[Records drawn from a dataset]

○ ○ ○ ○

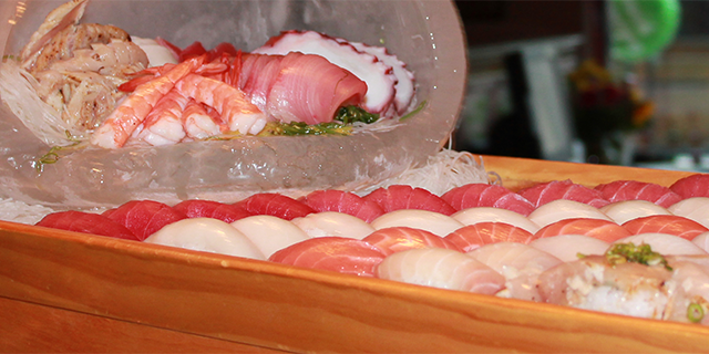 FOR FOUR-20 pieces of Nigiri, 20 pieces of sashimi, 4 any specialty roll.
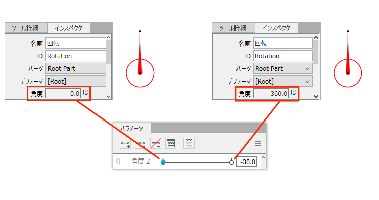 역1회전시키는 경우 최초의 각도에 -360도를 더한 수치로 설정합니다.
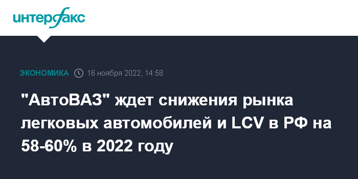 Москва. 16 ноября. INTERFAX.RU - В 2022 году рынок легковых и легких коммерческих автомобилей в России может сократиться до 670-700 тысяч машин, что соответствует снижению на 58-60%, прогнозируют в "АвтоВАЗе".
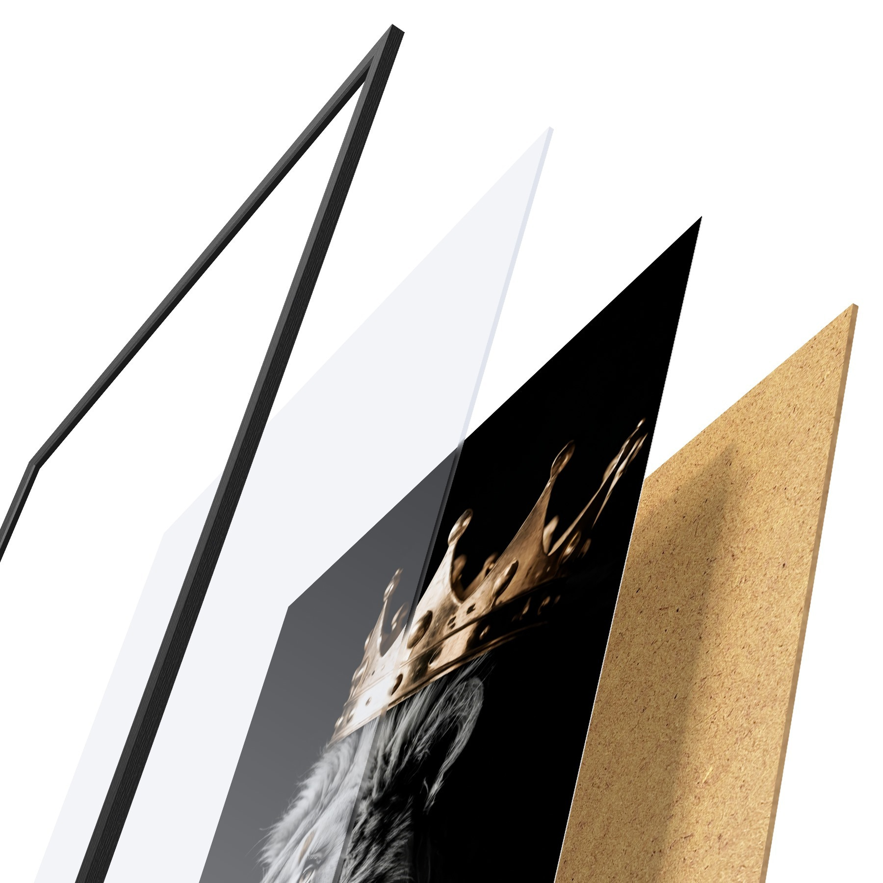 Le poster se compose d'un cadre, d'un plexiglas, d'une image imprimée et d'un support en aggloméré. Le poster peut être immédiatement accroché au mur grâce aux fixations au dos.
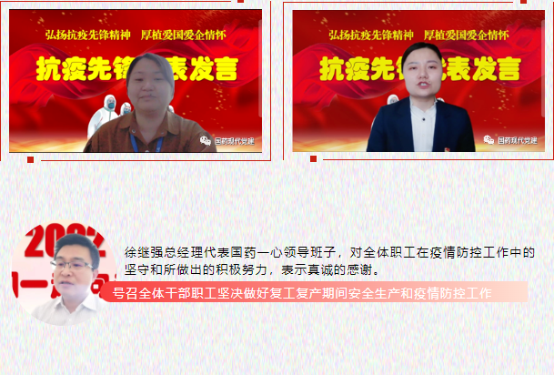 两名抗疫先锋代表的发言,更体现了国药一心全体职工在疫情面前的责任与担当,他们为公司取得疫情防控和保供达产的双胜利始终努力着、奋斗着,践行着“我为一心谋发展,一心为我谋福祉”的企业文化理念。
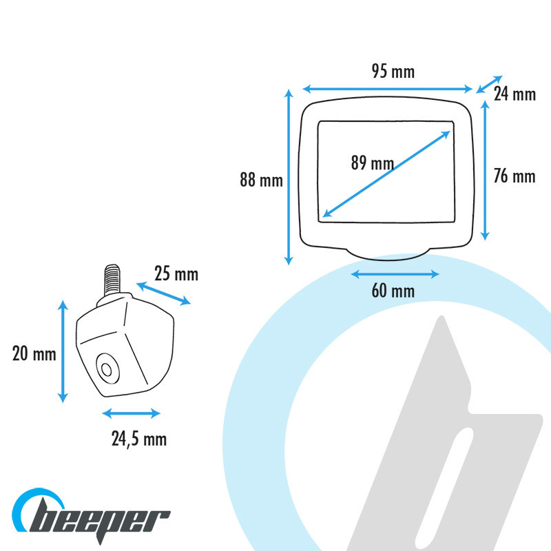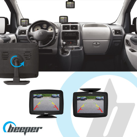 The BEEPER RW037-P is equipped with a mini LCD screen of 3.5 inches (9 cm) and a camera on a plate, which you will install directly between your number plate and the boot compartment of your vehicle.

○ ○ ○ ○

» **Task description**
Pictures excluded, print only the lines from the one with "Le poster se" through the end of the entries above, exactly as written.

» **Response to this task**
 Le poster se compose d'un cadre, d'un plexiglas, d'une image imprimée et d'un support en aggloméré. Le poster peut être immédiatement accroché au mur grâce aux fixations au dos.
 两名抗疫先锋代表的发言,更体现了国药一心全体职工在疫情面前的责任与担当,他们为公司取得疫情防控和保供达产的双胜利始终努力着、奋斗着,践行着“我为一心谋发展,一心为我谋福祉”的企业文化理念。
 The BEEPER RW037-P is equipped with a mini LCD screen of 3.5 inches (9 cm) and a camera on a plate, which you will install directly between your number plate and the boot compartment of your vehicle.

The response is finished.